Jesus spends much of his time eating and drinking with sinners, so let’s put together a guest list for a “sinners table” of people whose occupations or mere existence mark them among the American caste of the untouchables.

Invited to our dinner in the party room of, say, the Waukon City Club or Fiesta Villarta, might be a child abuser, a garbage collector, a young black man with AIDS, a Hispanic chicken-plucker, a teen-age crack addict, a gay or transgendered middle-schooler, and an unmarried woman on welfare with five children by three different fathers.

Did we miss anyone? Anyone else who’s considered “unclean” because they do something dirty for a living or behave in ways that polite company deems immoral? Well, we probably should add a few government officials from both sides of the political aisle to round out this motley collection of rogues that we’ve invited out to dinner.

As to the peanut gallery of nearby restaurant critics who always focus on insignificant details and sneer at Jesus’s choice of dinner guests, let’s, in our casting of this story, let the local ministerial association meeting at this very same restaurant assume that role. Or a women’s group going out to lunch after a morning meeting, or a church choir going out for pie and coffee after rehearsal.

Whatever group you choose, the point is that they’re “in” and the rest of the world is “out.”

They’re all clean and well dressed; reasonably attractive with straight, white teeth and clean fingernails, and when the server brings their food, they hold hands and pray. They’re all perfectly nice people – well respected in their community, but they hardly can eat their food or enjoy their drinks but for staring at the eccentric crowd of strangers, outcasts, and ne’re-do-wells sitting at the far table.

Without trying, the group we’ve gathered at our table clearly draws attention. The chicken-plucker is still wearing her white hairnet from work, and the garbage collector smells like spoiled meat. The addict cannot seem to find his mouth with the spoon. But none of them is a deal-breaker – except for Jesus, who’s sitting there enjoying himself as if nothing’s wrong and everything’s fine.

The real head-turner would be the unusual sight of the two tables getting together – if the people from the ministerial association or the businessmen’s Bible study saunter over to Jesus and ask, “Hey, do you mind if we move our tables next to yours, so we can get to know one another better?”

For even if we can stop staring, even if we smile politely from afar with the passive-aggressive “Midwest nice” that oftentimes defines our social behaviors and interactions, it’s just not the same as eating at the same table. And Jesus wants everybody at the table. But some don’t want to sit with Jesus as long as “sinners” are with him.

Yet, our lesson isn’t just an all-are-welcome, kum-ba-ya kind of story.

It’s not the same as Jesus’s parables about going out onto the highways and byways and peering into the community’s nooks and crannies to get people to come to a banquet. Jesus seems to change the subject when he realizes the pious, religious types are complaining about his dinner partners. “Those who are well have no need for physicians, but those who are sick,” Jesus counters back.

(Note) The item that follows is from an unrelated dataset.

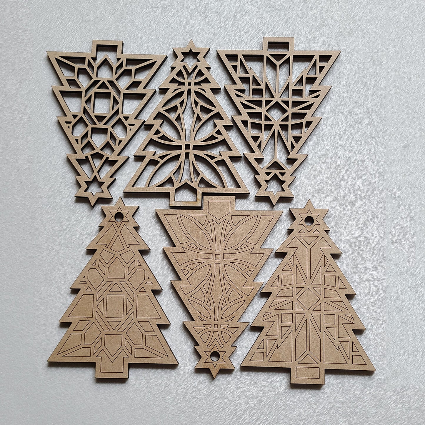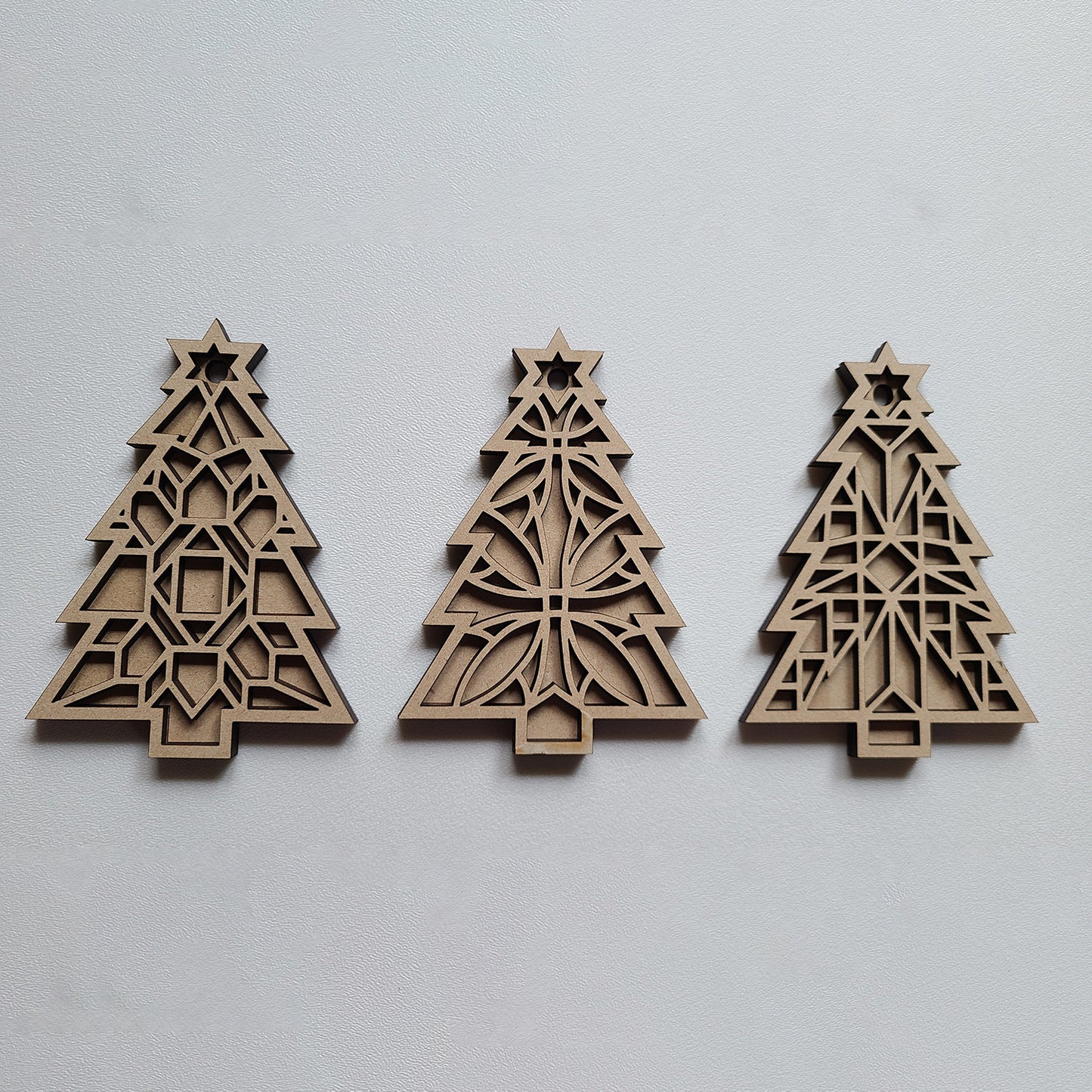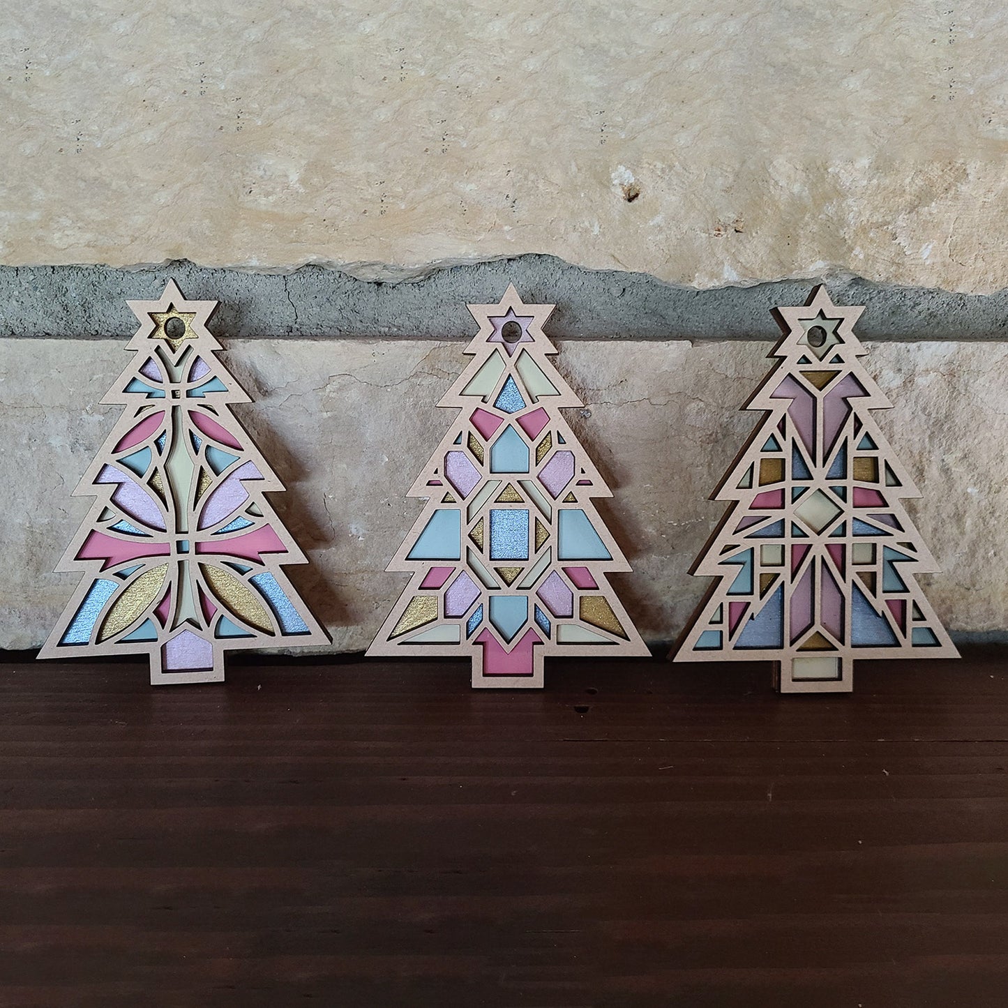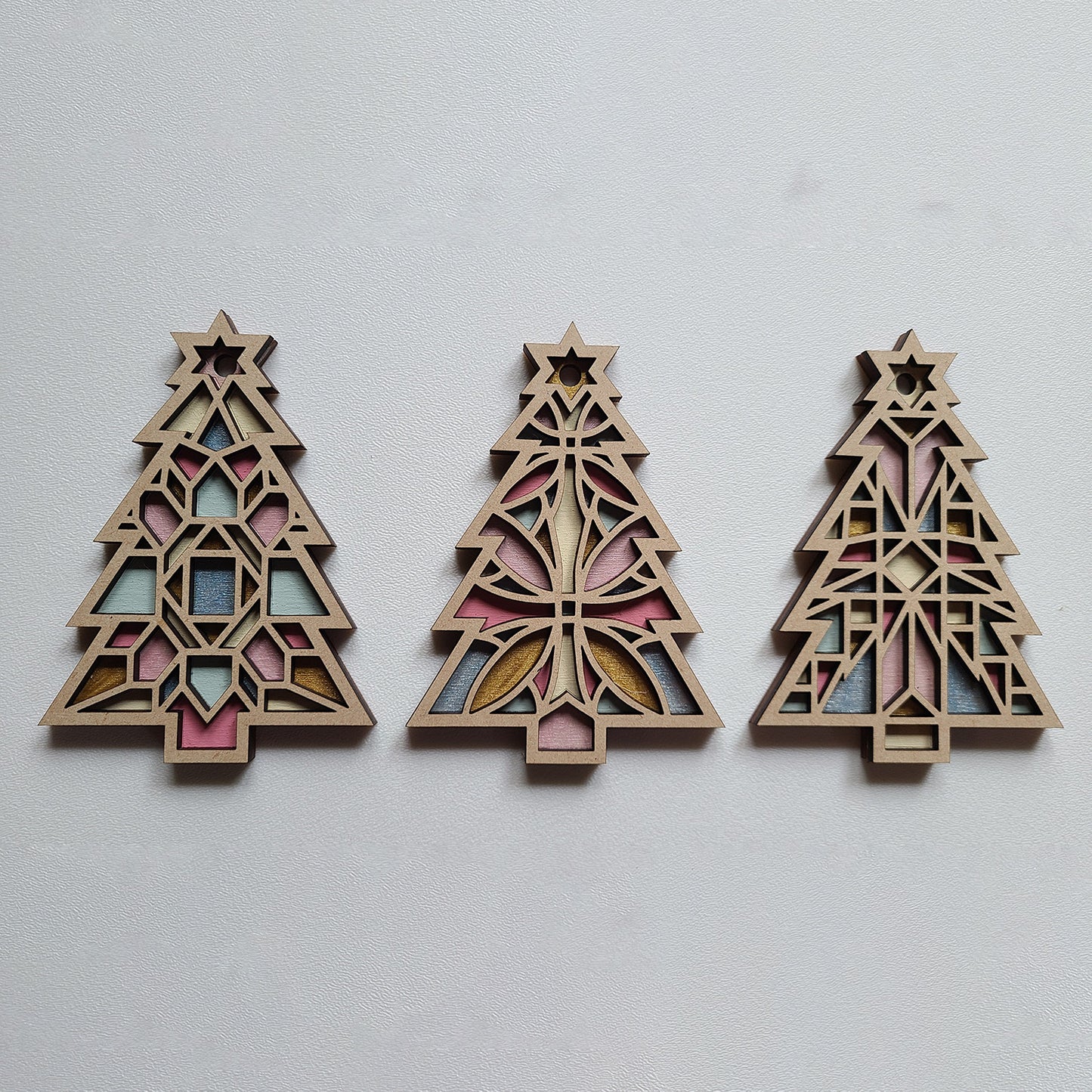 This set of three barn quilt-inspired ornaments makes a great gift, stocking stuffer, or personal bit of decor. They are extremely friendly to laser cut and craft. Choose to paint the bottom layer if you like, with plenty of room for novice painters to make something truly unique.

But then Jesus switches from defense to offensive: “Go and learn what this means,” Jesus continues. “I desire mercy not sacrifice.”

Jesus is quoting the Old Testament prophet Hosea, and their messages are identical: Showing mercy and compassion, without hesitation, to those whom Jesus will later describe as “the least of these” is far-more important than meaningless sacrifice or empty ritual. If you don’t show mercy and compassion, then all the religious rites and Sunday church services in the world won’t bring you any closer to God.

Jesus concludes by saying, “For I have come to call not the righteous but sinners.”

I suppose we could interpret Jesus’s words to mean: “Then go out and sin to your heart’s content! The more you sin, the more Jesus will want you at his table!”

But that’s not quite right either. To unpack this one, we need to flip back a few Gospel chapters to Jesus’s Sermon on the Mount.

That sermon begins with blessing, and among Jesus’s blessings are these words: “Blessed are those who hunger and thirst for righteousness, for they will be filled,” followed by “Blessed are the merciful for, they shall obtain mercy.” (Matthew 5:6-7)

Mercy and righteousness are side by side – righteous meaning right, right relationship with God; mercy and compassion hanging on right relationship with neighbors and strangers. This right relatedness is crucially important for Jesus. Indeed, he says, “Unless your righteousness exceeds that of the scribes and Pharisees, you will never enter the kingdom of heaven.”

But wait, we just heard Jesus say that he’s “come not to call the righteous but sinners.” Does Jesus fully support righteousness as a concept but want nothing to do with righteous people? No, not really.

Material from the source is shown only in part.